I do not think we can estimate the factor better than 1.5-2x without a really good example/case-study of a company someplace in-between: How big are the companies you're thinking about? If they're not spending at least $5m a month I doubt the figures would be indicative of the kind of savings Netflix could expect.

We run our own infrastructure, sometimes with our own fincing (4), sometimes external (3). The cost is in tens of millions per year.

When I used to compare to aws, only egress at list price costs as much as my whole infra hosting. All of it.

I would be very interested to understand why netflix does not go 3/4 route. I would speculate that they get more return from putting money in optimising costs for creating original content, rather than cloud bill.

  • > I would be very interested to understand why netflix does not go 3/4 route. I would speculate that they get more return from putting money in optimising costs for creating original content, rather than cloud bill.

    I invest in Netflix, which means I'm giving them some fast cash to grow that business.

    I'm not giving them cash so that they can have cash.

    If they share a business plan that involves them having cash to do X, I wonder why they aren't just taking my cash to do X.

    They know this.
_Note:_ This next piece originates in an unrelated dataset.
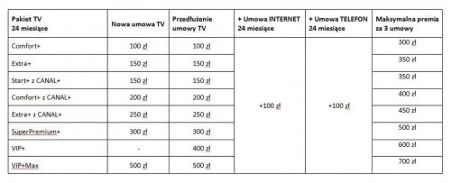 Warunkiem skorzystania z promocji „Extrakasa” przez Klientów przedłużających umowy na usługi telewizyjne jest zmiana pakietu na wyższy lub utrzymanie tego samego pakietu (dotyczy ofert nieprzecenionych).

That's why on the investors calls they don't talk about "optimising costs" unless they're in trouble.

    I understand self-hosting and self-building saves money in the long-long term, and so I do this in my own business, but I'm also not a public company constantly raising money.

    > When I used to compare to aws, only egress at list price costs as much as my whole infra hosting. All of it.

    I'm a mere 0,1% of your spend, and I get discounts.

    You would not be paying "list price".

    Netflix definitely would not be.

    • Of course netflix is optimising costs, otherwise it would not be a business, I just think they put much more effort elsewhere. They could be using other words, like "financial discipline" :)

      My point is that even if I get 20 times discount on egress its still nowhere close, since i have to buy everything else - compute, storage are more expensive, and even with 5-10x discounts from list price its not worth it.